Only the lines from the one containing "Daca nu mai" through the end of the material should be printed, exactly as they appear. Leave out pictures.

* [Provided entries]:
------------
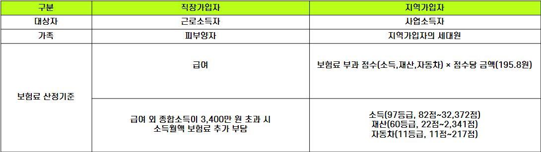 건보료 부과 체계는 직장가입자와 지역가입자가 차이가 납니다. 보험료율(6.46%)에서 직장가입자는 회사와 가입자가 절반씩 나눠서 부담을 합니다. 지역가입자는 소득 점수 재산 점수가 모두 건강보험료 산정기준이 되므로, 직장가입자보다는 보험료 부담이 많은 편입니다.
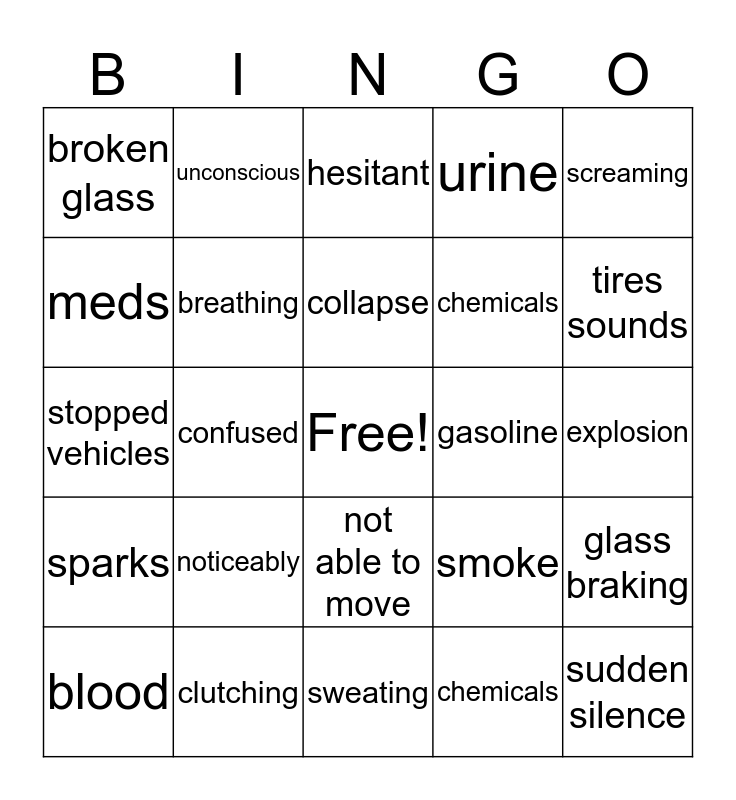 This bingo card has a free space and 24 words: blood, noticeably, collapse, chemicals, screaming, broken glass, unconscious, hesitant, gasoline, explosion, stopped vehicles, breathing, smoke, glass braking, meds, clutching, sweating, urine, tires sounds, sparks, confused, not able to move, chemicals and sudden silence.
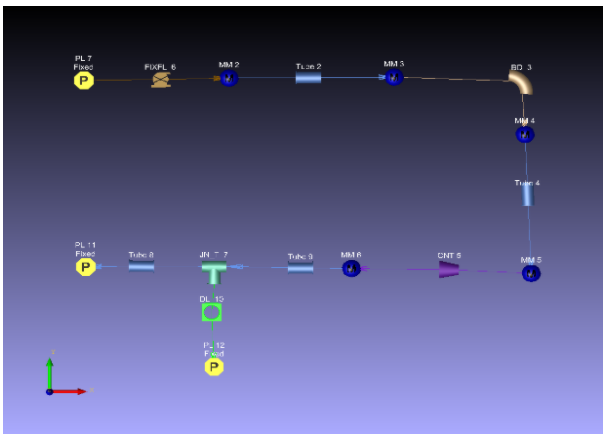 Flow Simulator networks consist of flow conduits known as “elements” connected between nodes known as “chambers.” The boundaries of the network are defined by "boundary chambers," which have fixed fluid properties, both thermodynamic and dynamic. Flow passes into and out of the network via boundary chambers. Various types of elements are available for use within a flow network. The selection of elements consists of orifices, tubes, valves, junctions, bends, transitions and seals, vortexes, and variations thereof. All element types have one upstream chamber and one downstream chamber.
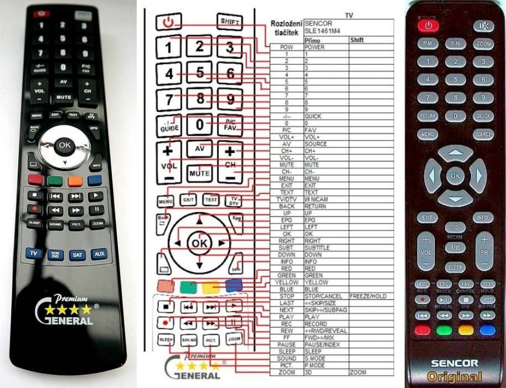 Náhradní dálkový ovladač SENCOR SLE1461M4, SLE43F57, SLE3257 - 100% náhrada 1:1 za originální dálkový ovladač. Dálkový ovladač je určen pro tyto modely SENCOR:SLE 2461TCS, SLE1461M4, SLE2460TCS, SLE2461TC, SLE2461TCS, SLE2464TCS, SLE3224TCS, SLE3257, SLE3257TCS, SLE3258TCS, SLE40F57TCS, SLE43F57, SLE43F57TCS, SLE49F57TCS. (Nemusí zde být uvedeny úplně všechny kompatibilní modely. Pokud si nejste jisti, sdělte nám svůj model (použijte online chat, e-mail, telefon), neprodleně zkontrolujeme a ověříme, zda je tento ovladač kompatibilní s Vaším přístrojem. Za poskytnutou informaci ručíme.) Ovladač je dodáván ve verzi značkového dálkového ovladače General Premium (zobrazen vlevo). Garantujeme Vám, že dostanete ovladač, který plně nahradí Váš původní originální ovladač a bude mít naprosto všechny funkce stejné.Není to univerzální ovladač, ale ovladač, který je naprogramován a přímo určen pro modely přístrojů uvedené výše. Není třeba žádné párování, žádné kódy. Obdržíte od nás ovladač, který je připraven k použití - jediné, co musíte udělat, je vložit baterie a ovladač hned funguje. Podívejte se na obrázek ovladače a ujistěte se, že jsou v tabulce všechny funkce jako na původním originálním ovladači. Jedná se o plnohodnotný náhradní dálkový ovladač (není to „univerzál“). Má naprosto všechny funkce přesně jako originální ovladač. Záruční lhůta na ovladač je 2 roky. Dodáván také jednoduchý návod s mapováním funkcí. DOPLŇKOVÁ FUNKCE: Tento dálkový ovladač je možno naprogramovat na 1-4 zařízení (celkem tedy 4). Budete moci jedním ovladačem ovládat několik různých přístrojů jedním ovladačem. Pokud nám do komentáře v objednávce napíšete modely dalších přístrojů, naprogramujeme Vám ovladač na všechny. Za tuto doplňkovou službu bude naúčtován příplatek k ceně ovladače 50 Kč: více informacíV případě, že v budoucnu vyměníte/obměníte Vaši domácí elektroniku, jsme schopni Vám tento ovladač přeprogramovat na naprosto jakékoliv nové/á zařízení. Ovladač General přežije ..
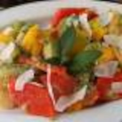 Si coges un montón de frutas tropicales y las tratas como si fueran hortalizas, consigues una ensalada que puedes servir como primer o segundo plato.
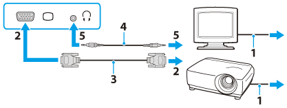 ディスプレイケーブル(別売り)を使って、VAIOに外部ディスプレイやプロジェクターなどを接続します。
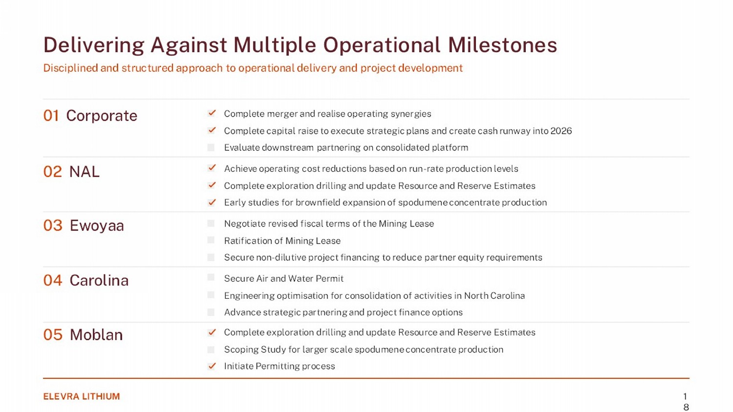 01 Corporate 02 NAL 03 Ewoyaa 04 Carolina 05 Moblan Delivering Against Multiple Operational Milestones Disciplined and structured approach to operational delivery and project development Complete merger and realise operating synergies Complete capital raise to execute strategic plans and create cash runway into 2026 Evaluate downstream partnering on consolidated platform Achieve operating cost reductions based on run - rate production levels Complete exploration drilling and update Resource and Reserve Estimates Early studies for brownfield expansion of spodumene concentrate production Negotiate revised fiscal terms of the Mining Lease Ratification of Mining Lease Secure non - dilutive project financing to reduce partner equity requirements Secure Air and Water Permit Engineering optimisation for consolidation of activities in North Carolina Advance strategic partnering and project finance options Complete exploration drilling and update Resource and Reserve Estimates Scoping Study for larger scale spodumene concentrate production Initiate Permitting process ELEVRA LITHIUM 1 8
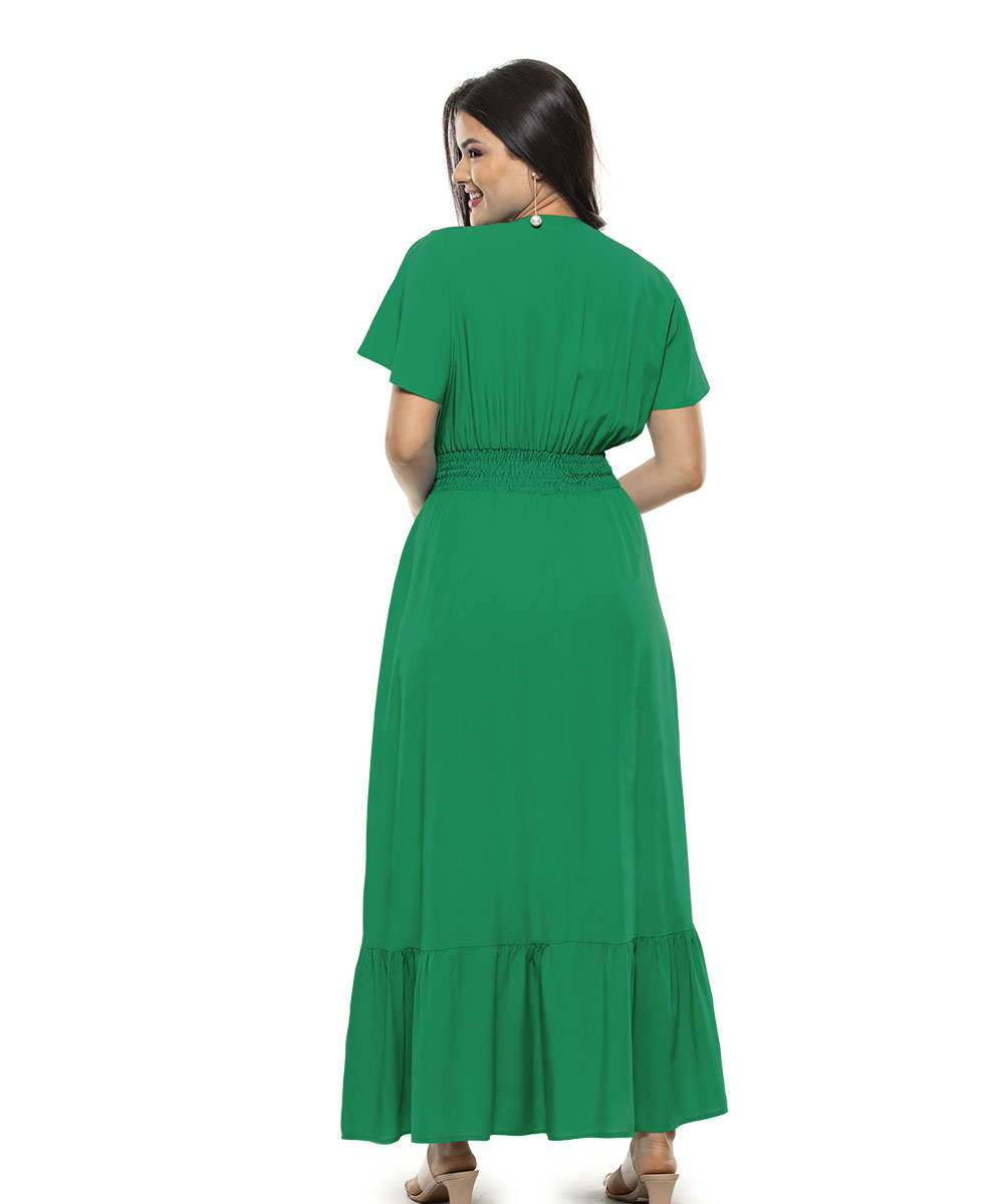 Possui mangas godê, lastex na cintura e modelagem da saia godê com babado franzido. Comprimento Longo.
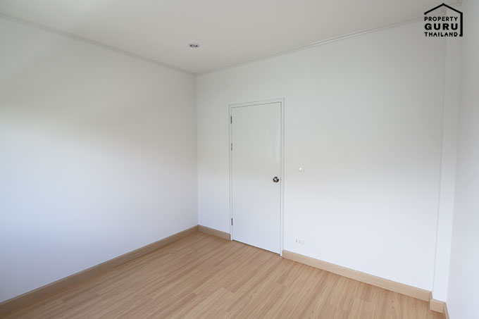 พื้นลามิเนต + ผนังฉาบเรียบทาสีขาว
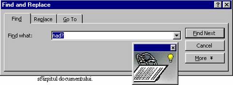 Daca nu mai vreti o parcurgere pas cu pas a documentului, actionati butonul Replace All. Toate ocurentele de la pozitia curenta p na la sf rsitul documentului vor fi înlocuite cu noul text.
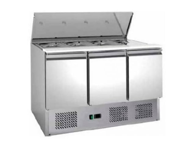 Стіл холодильний з трьома орними дверима з поворотним механізмом, також підігрів по контуру дверей перешкоджає утворення конденсату. Холодильний агрегат знаходиться внизу, охолодження відбувається за рахунок вентиляції обсягу робочої камери, є функція автоматичної відтаювання.
------------
* [Solution to the exercise]:
 Daca nu mai vreti o parcurgere pas cu pas a documentului, actionati butonul Replace All. Toate ocurentele de la pozitia curenta p na la sf rsitul documentului vor fi înlocuite cu noul text.
 Стіл холодильний з трьома орними дверима з поворотним механізмом, також підігрів по контуру дверей перешкоджає утворення конденсату. Холодильний агрегат знаходиться внизу, охолодження відбувається за рахунок вентиляції обсягу робочої камери, є функція автоматичної відтаювання.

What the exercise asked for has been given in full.